Когда вы видите if err!= nil в коде на Go, вы видите место, где программист подумал об ошибке. Принял решение. Обработал или передал дальше. Это не скрыто где-то в стеке вызовов, не спрятано в блоке catch на другом конце файла. Это здесь, на виду, часть основного потока кода.

Философия исключений, реализованная в Java, Python, C#, C++, противоположна. Исключения — это механизм для ситуаций, которые не должны происходить в нормальном потоке. Файл должен открыться. Сеть должна работать. Память должна выделиться. Если что-то пошло не так — это исключение из нормы. Выбрасываем объект исключения, и он «всплывает» по стеку вызовов, пока кто-то его не поймает.

Эта модель позволяет писать «счастливый путь» — код, который описывает, что происходит, когда всё хорошо. Обработка ошибок отделена от основной логики, вынесена в блоки try-catch. Основной код становится чище, намерение — яснее. Вот что программа делает. А вот, отдельно, что происходит, если что-то идёт не так.

Но есть цена.

Исключения создают скрытый поток управления. Глядя на строку кода, не всегда понятно, может ли она выбросить исключение. Функция вызывает другую функцию, та — третью, и где-то в глубине происходит ошибка. Исключение летит через десять уровней стека, пока не найдёт обработчик. Или не найдёт — и программа упадёт.

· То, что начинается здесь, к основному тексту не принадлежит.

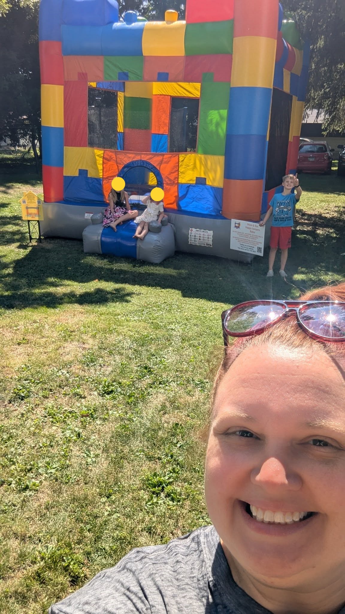 Here is a photo of a birthday party in Westville. These kiddos were very excited to have this Lego jumper at their party!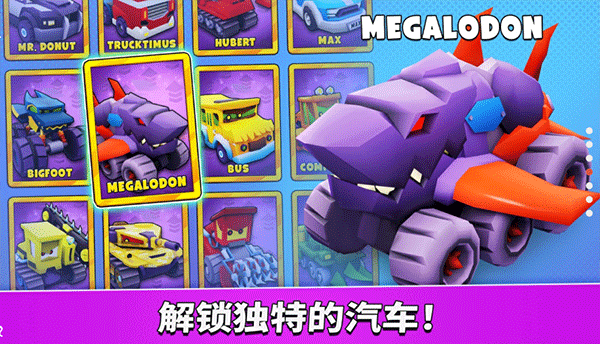 你从未见过如此这般的。现从四面八方都可以看到 Beetlee、Gator、Locomachina、Tankominator 和其他传说中的饥饿汽车,全面呈现其辉煌!每辆车都有一个独特的功能,使其独一无二。它们会帮助你打败危险的外星人!投弹,咬合,高速撞击并获胜!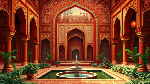 A six sided glass house that has four levels. There are stairs leading from the door to a terrace that has glass columns surrounding silver lounging chairs. There is soft lavender colored grass, and a garden of red flowers with large black lions playing in. There are fairies and golden, winged horses flying in the air. There are yellow mountains surrounding the scene.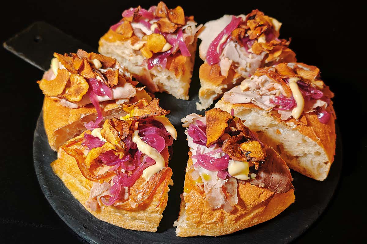 Il padellino “Porchetta in Tour” è una pizza contemporanea che racconta l’Abruzzo attraverso tecnica, materia prima e memoria gastronomica. L’impasto diretto, idratato al 70% e lasciato maturare per almeno 24 ore, garantisce una base soffice e ben alveolata, cotta in forno con leggera immissione di vapore per favorirne lo sviluppo. La farcitura celebra il territorio: porchetta artigianale pluripremiata di Luco dei Marsi, succosa e aromatica, cipolle in agrodolce che aggiungono una nota dolce-acida, maionese alla senape con miele di acacia per rotondità ed equilibrio, chips di topinambur croccanti per contrasto materico e una delicata spolverata di zafferano di Navelli a chiudere il piatto.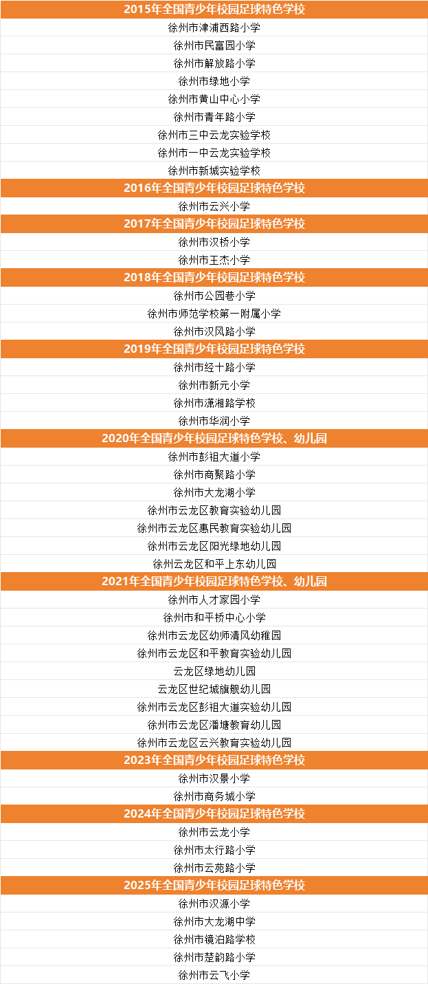 云龙区校园足球工作起步早、基础实。2015年,该区便被江苏省教育厅认定为首批青少年校园足球试点县(市、区),首批8所学校率先获评全国青少年校园足球特色学校;2018年,又成功获评徐州市首个全国青少年校园足球试点县(市、区)。十余年间,云龙区持续推进校园足球普及,按批次推动学校创建特色品牌,从2015年的津浦西路小学、解放路小学等,到2025年新增的汉源小学、大龙湖中学等,逐步实现中小学全覆盖,目前全区另有11所幼儿园获评全国足球特色园,形成“幼小衔接、全域联动”的发展格局。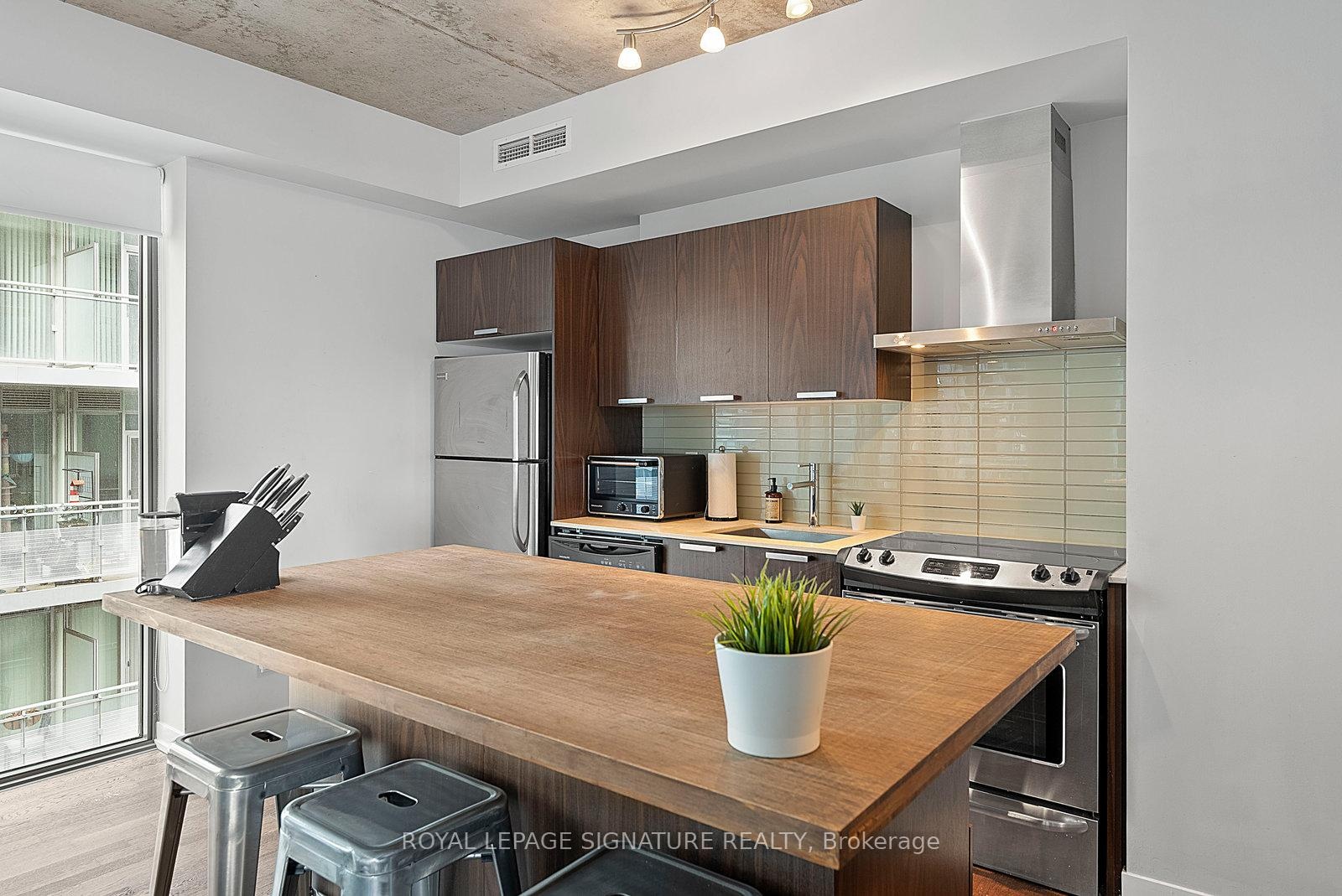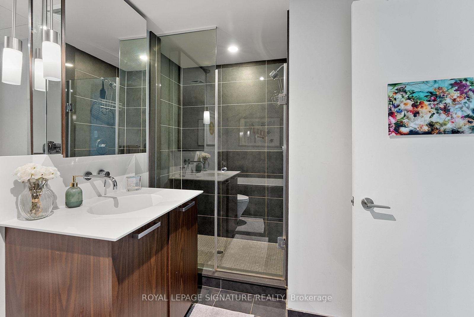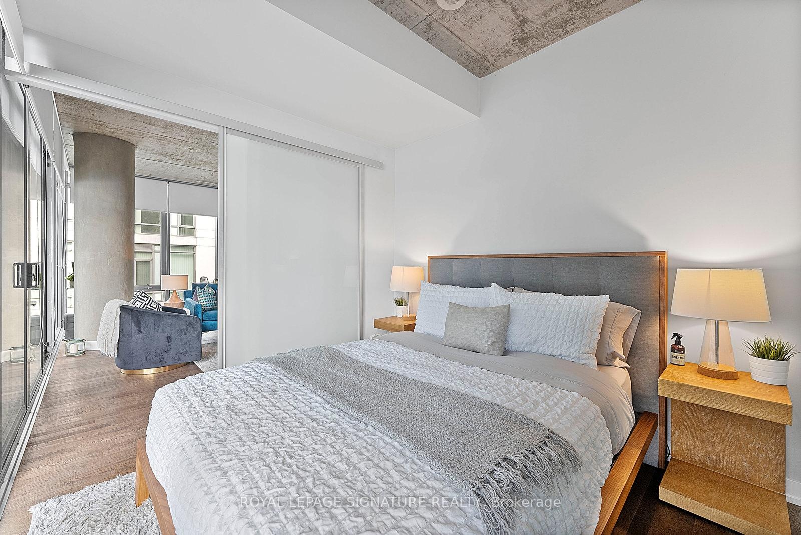 Executive fully furnished rental soft loft in the heart of King West. Just shy of 700 sq.ft.this 1 bedroom corner unit has a large open concept living/dining/kitchen area with plenty of room to include a home office. Well appointed with just about everything you could need including a truly fully equipped kitchen, art, accessories, linens, bedding, household appliances, etc. Includes utilities and reliable Beanfield 1 Gbps internet. Engineered woodflooring throughout. The bathroom has a separate soaker tub and shower, making it great for couples. Balcony lined with high grade artificial grass for comfort. BBQs permitted. This is not an average furnished rental. See it in person to truly appreciate it! Ideal location near the restaurants, cafes and nightlife of King West and a short walk to Queen West's shopping district. Easy T.T.C. access with 2 transit lines. Walking distance to the Financial District, sporting venues, Lake Ontario, parks, library, grocery stores and much more.
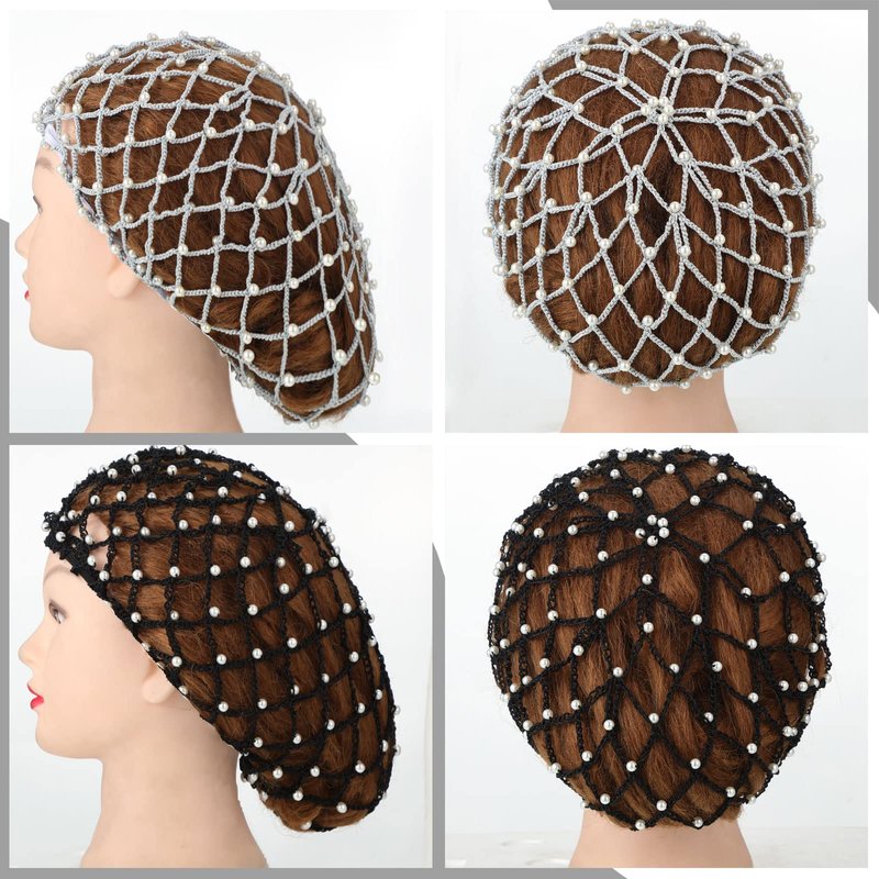 MTLEE 2 Pieces Snoods for Women Hair Mesh Crochet Hair Net with Pearl Rayon Hairnet Hair Wrap Hair Cover Ornament Rayon Knit for Sleeping (Black, Gray)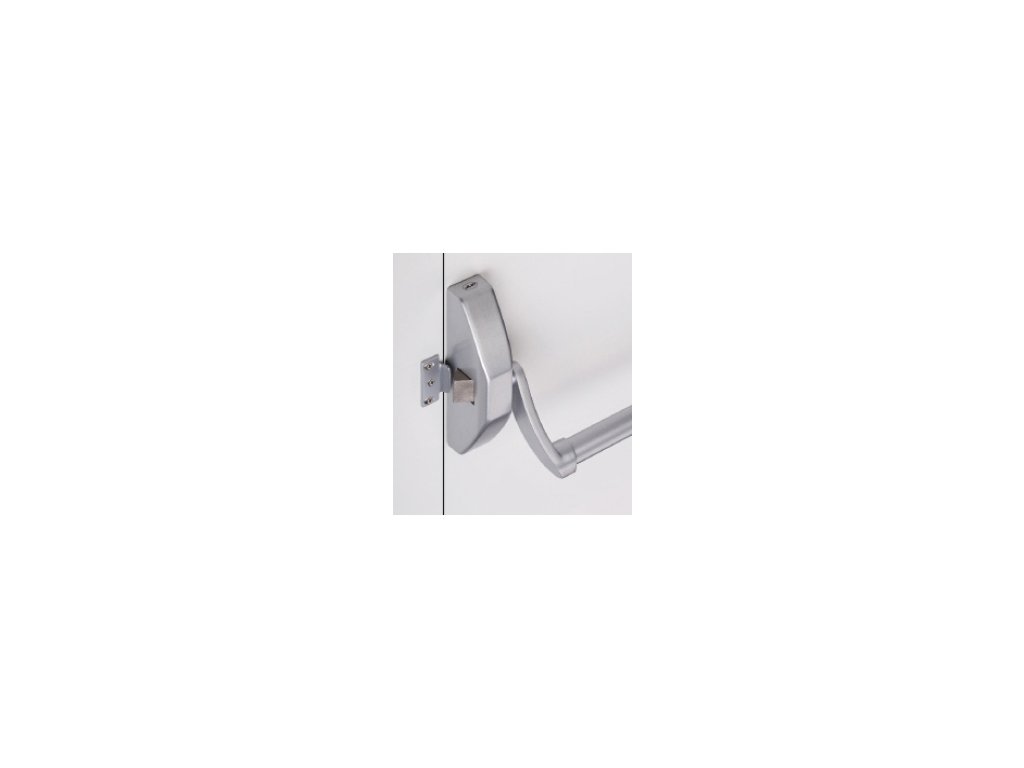 Panikové kovanie pre jednokrídlové dvere s jednobodovým zaistením. Zatváranie cez bočnú oceľovú západku. Otváranie zvonku pomocou kľúča a kľučky. Štítová kľučka a cylindrická vložka sú súčasťou balenia.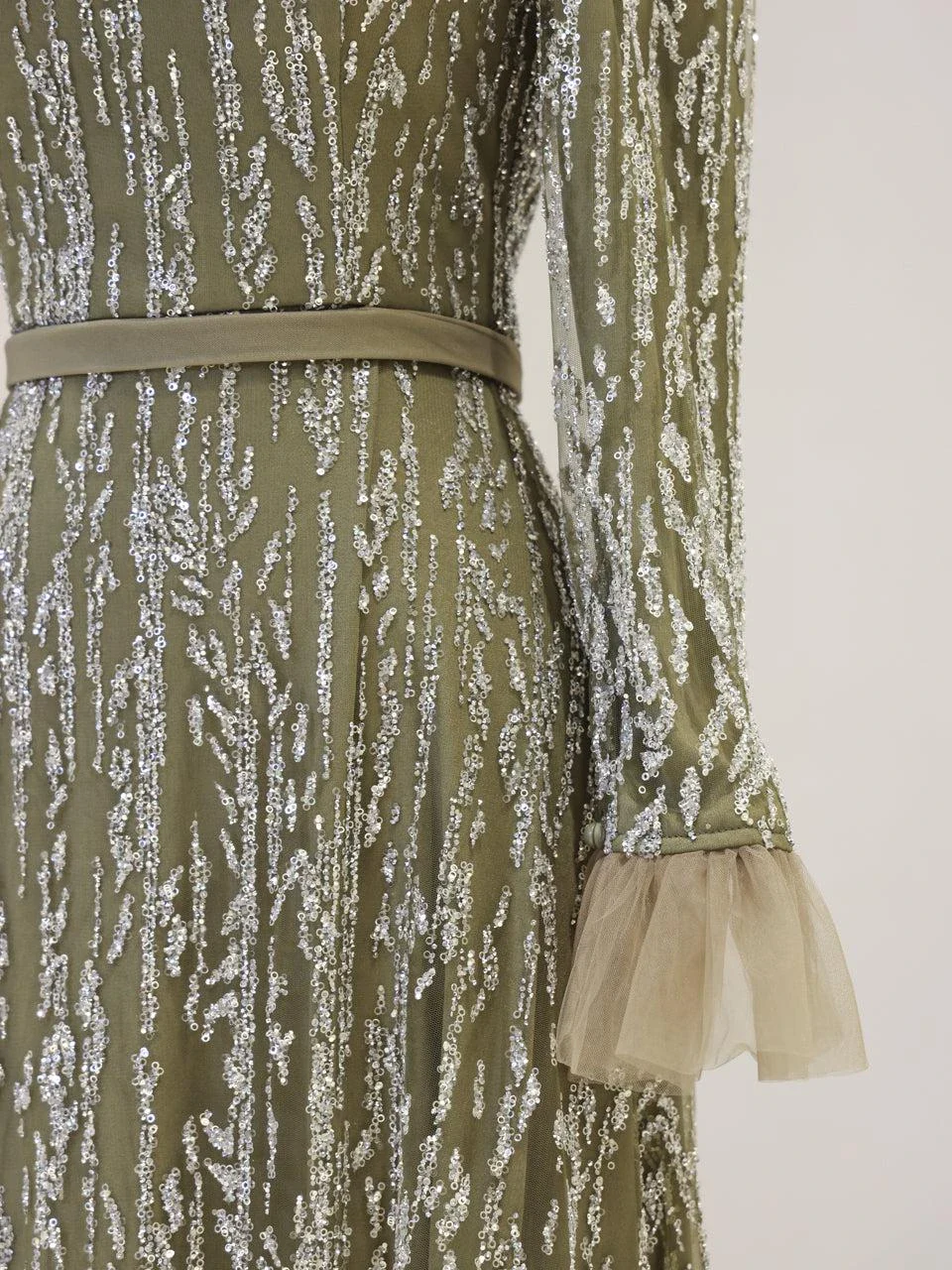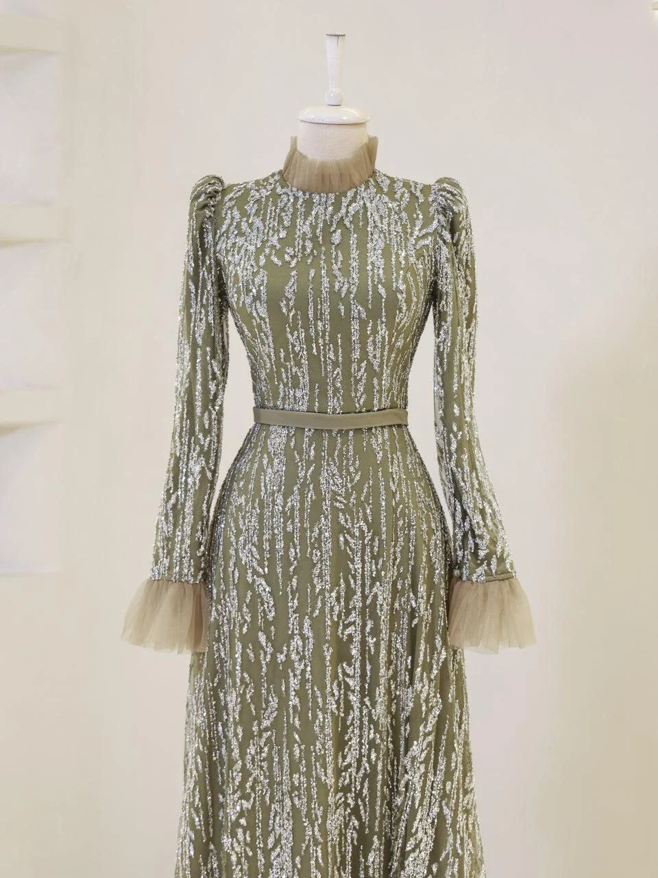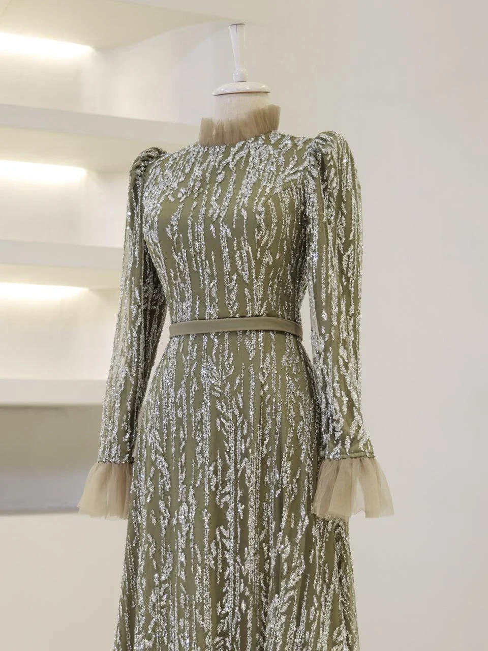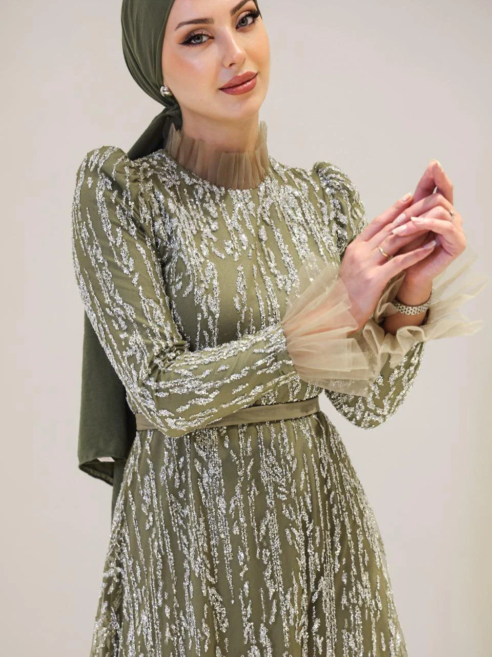 The Adhara Modest Evening Dress is designed with a standard fit and an average length of 145 cm. Made from tulle fabric, it includes a lining for added comfort. The dress is equipped with a back zipper and features a built-in chest pad for support. The A-line skirt provides a flattering silhouette, and the belt detail is removable for versatility. Note: The embellishments are glued, and while some shedding may occur, it will not affect the overall appearance of the dress.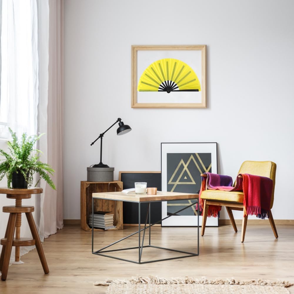 4 Pack Large Folding Hand Fan, Plastic Hand Held Folding Fans Chinese Kung Fu Hand Fan Decorative Folding Fans for Dance, Performance, Festival or Home Decorations(Yellow)

Легко забыть, какие исключения может выбросить функция. Легко пропустить ошибку, которая тихо поднимется наверх и уронит программу в неожиданном месте. Java пыталась решить эту проблему через checked exceptions — обязательное объявление исключений в сигнатуре функции. Но программисты возненавидели это и научились обходить: ловить исключение, оборачивать в RuntimeException, выбрасывать снова. Добровольно-принудительная проверка оказалась хуже, чем никакой проверки.

Rust и Haskell предлагают третий путь — алгебраические типы для ошибок. Тип Result в Rust может содержать либо успешное значение Ok, либо ошибку Err. Тип Option может содержать значение Some или ничего None. И компилятор требует обработать все случаи.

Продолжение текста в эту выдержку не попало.